Records marked for merging are assembled in a priority order based first on their source and then the year in which the record ends. The source priority is the same as the order in which the sources are presented in the Data Sources section, but with WWR and the international collection being equal. Within a source priority group, records with the more recent ending years are given preference over others. The location’s name, coordinates, and station ID for the purposes of general inventory come from the first source record within this prioritized order. Given the data from this first record, subsequent group members are used to fill in any missing values. The process is repeated throughout the merge groups.

During the course of processing, certain errors in the station metadata were discovered and addressed in an effort to avoid the removal of data due to the resulting conflicts. For example, in some cases, the comparison of two records for the same location inadvertently created a conclusion of “different” in the distance metric when one of the two records had an erroneous latitude. When the correct location could be independently verified using an atlas, erroneous values were set to missing in the appropriate metadata, so that in subsequent comparisons and processing, they yielded a result of “inconclusive,” thereby not creating a conflict.

To further limit the loss of significant data records as a result of erroneous data or metadata, cases in which multi-decadal records were removed from a mingle group were also examined. While in most instances the presence of other records meant that these removals had little impact, in 15 cases it was found that by preemptively eliminating select, usually less substantial, records from a group, the grouping process could be steered to retain more data and/or avoid merging data from distinct observing sites. For example, in Hong Kong, there were 12 records, all within 10 km of each other and several with identical coordinates. These were represented by WMO IDs 45004 and 45005 which represent two distinct sites. With no intervention, the process created a single record from 1947-present and eliminated a record dating back to 1853. Manual removal of two records uncoupled the link between the different WMO IDs, resulting in two records: One from 1963 to the present, and the other from 1853 to 2016.

Quality control process

Following the strategy described by Durre et al.¹⁴, a sequence of tests was developed to detect those values for which a reasonable doubt exists of their validity or usefulness. Once a value is flagged, it is no longer included in subsequent tests, which further helps determine the order in which the tests are performed. For example, inclusion of a value in excess of the world record would skew any statistics generated for its record or comparisons with neighbors. Thus, these are flagged prior to searching for physical outliers. As a compromise must be struck between allowing suspect values to pass and misidentifying valid values as bad, the results of each test were manually examined and thresholds were adjusted until a false alarm rate of no greater than 20% was achieved.

Sparse records

Three tests eliminate entire records providing very little overall data. First, records with two or fewer monthly values are excluded. Next, records with values limited to zero, trace, and a single positive value are eliminated. Finally, records containing values in less than 20% of the months in years with data are excluded. In all, this eliminates 5,627 of the merged station records available at this stage, 87% of which are from Community Collaborative Rain, Hail and Snow Network (CoCoRaHS¹⁵) sites, a part of GHCNd.

Out of range values

The world record for monthly precipitation is 9,300 mm at Cherrapunji, India¹⁶. This provides an upper bound on all plausible values. Twenty-five values were found to exceed this. Two negative values were also found in the dataset and marked as out of range.

Repetition of values

Within a record, sequences of 6 to 12 months which are repeated in another year are flagged. To prevent false positives at drier locations, these sequences are required to have a sum of at least 50 mm, and more than half of them must be non-zero.

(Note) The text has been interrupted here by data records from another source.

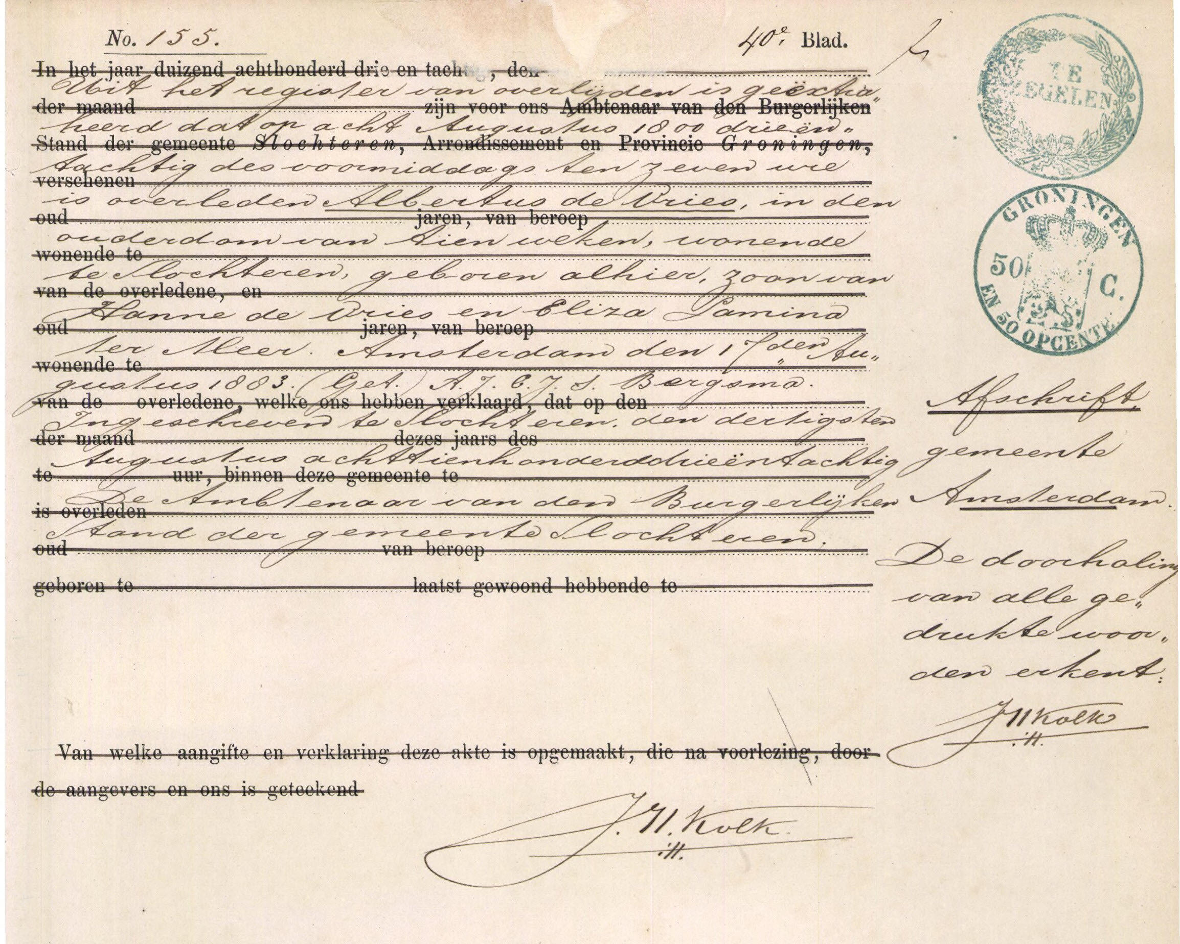 Albertus de Vries Geboren: juni 1883 36 38 — Slochteren (Groningen) Overleden: 8 augustus 1883 — Amsterdam (N-H) |
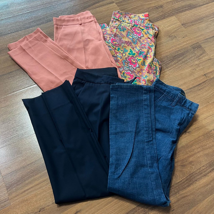 1.다홍 슬랙스(S) - 5000원 다홍색에 핑크 한 방울 섞은 오묘한 색감 슬랙스 봄에 입기 좋은 산뜻한 색상 사용감 약간 있음 허리 35 힙 47 총장 90 2.청 슬랙스(S) - 8000원 슬렉스인데 청이라 유니크 스판도 있어서 엄청 편하고 핏도 이쁨 허리 33 힙 42 총장 88 3.칼라거펠트 네이비 슬랙스(66) - 1만 한번입어 상태 좋고 원단 산뜻하고 편함 발목트임 약간 있어 활동성 좋고 디자인 깔끔 허리 38 힙 47 총장 92 4.오일릴리 플라워슬랙스(S) - 2만 유니크한 프린팅에 화려하지만 고급진 슬랙스 오일릴리 특유의 패턴 너무 이쁨 27~28추천 허리 38 힙 46 총장 96
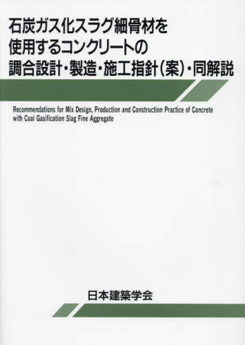 石炭ガス化スラグ細骨材を使用するコンクリートの調合設計・製造・施工指針〈案〉・同解説 / 日本建築学会

While true streaks of a constant value may occur (e.g., when the same amount of precipitation happens to fall in two consecutive months), the likelihood that such a repetition of values is valid decreases with increasing streak length. Also, since the frequency of monthly precipitation totals is positively skewed, smaller totals are more likely to recur by chance than larger ones. Therefore, the threshold for what is considered to be an unacceptable streak length decreases as the value being repeated increases.

To take these factors into account, three types of streak checks are performed. In the month-to-month check, streaks are flagged when they exceed a length that depends on the value repeated. For example, streaks of six or more constant values 20 mm or greater are flagged. Shorter streaks of five, four, three, and two constant values have minimum amount thresholds of 50 mm, 50 mm, 100 mm, and 2,000 mm, respectively. As such, for constant values of 2,000 mm or more, no repetition in consecutive months is permitted. In the year-to-year streak check, the same thresholds are used to flag repetitions of values in the same calendar month across consecutive years. The third check flags streaks of zeroes that extend over 12 or more months at locations that have at least two years in their history with an annual precipitation total of 50 mm or more. In all of these checks, missing or previously flagged values do not interrupt a streak. Examples of these repeated values that were flagged are shown in Table 3.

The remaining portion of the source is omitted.